AVAILABLE DATA Start Marker
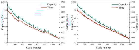 The charging time difference and capacity attenuation of batteries B1 and B2 at the same voltage rise. (a) Charge time and capacity degradation curve of battery B1. (b) Charge time and capacity degradation curve of battery B2.
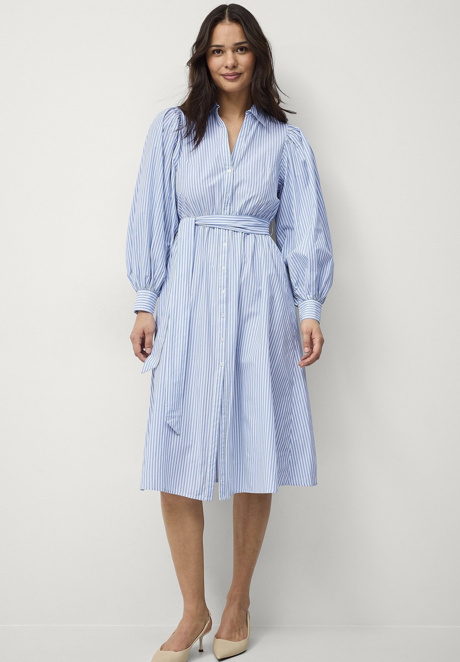 Blau weißes blusenkleid clearance, Nachhaltiges Blusen Kleid Streifen aus Organic Cotton | WOTE clearance
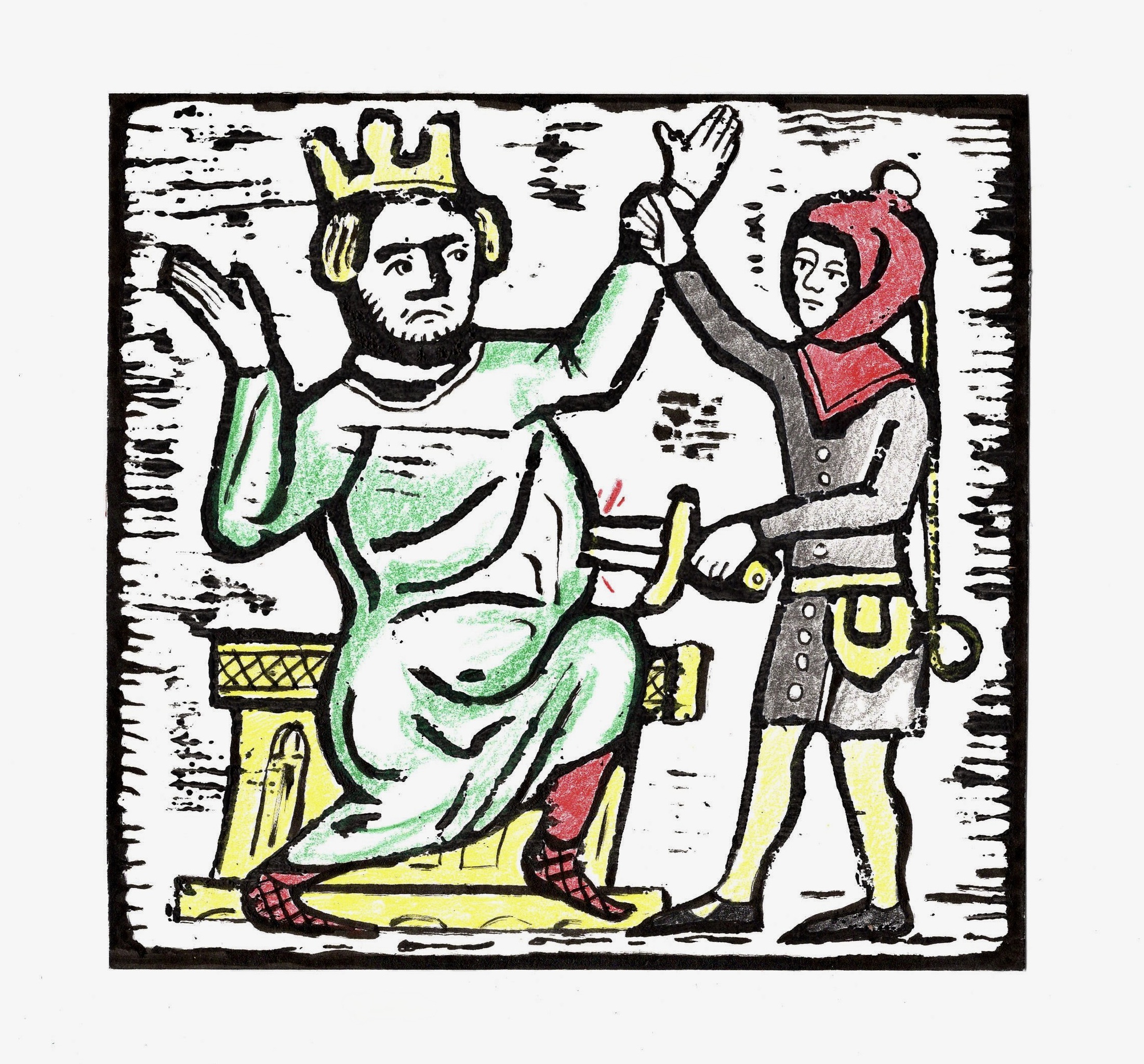 Eglon Ehud Moord Koning Houtsnede Martin De Heer Sliedrecht
AVAILABLE DATA End Marker
● **TO DO**:
Your copy of the material above should be exact and free of pictures.

● **THE COMPLETED TASK**:
 The charging time difference and capacity attenuation of batteries B1 and B2 at the same voltage rise. (a) Charge time and capacity degradation curve of battery B1. (b) Charge time and capacity degradation curve of battery B2.
 Blau weißes blusenkleid clearance, Nachhaltiges Blusen Kleid Streifen aus Organic Cotton | WOTE clearance
 Eglon Ehud Moord Koning Houtsnede Martin De Heer Sliedrecht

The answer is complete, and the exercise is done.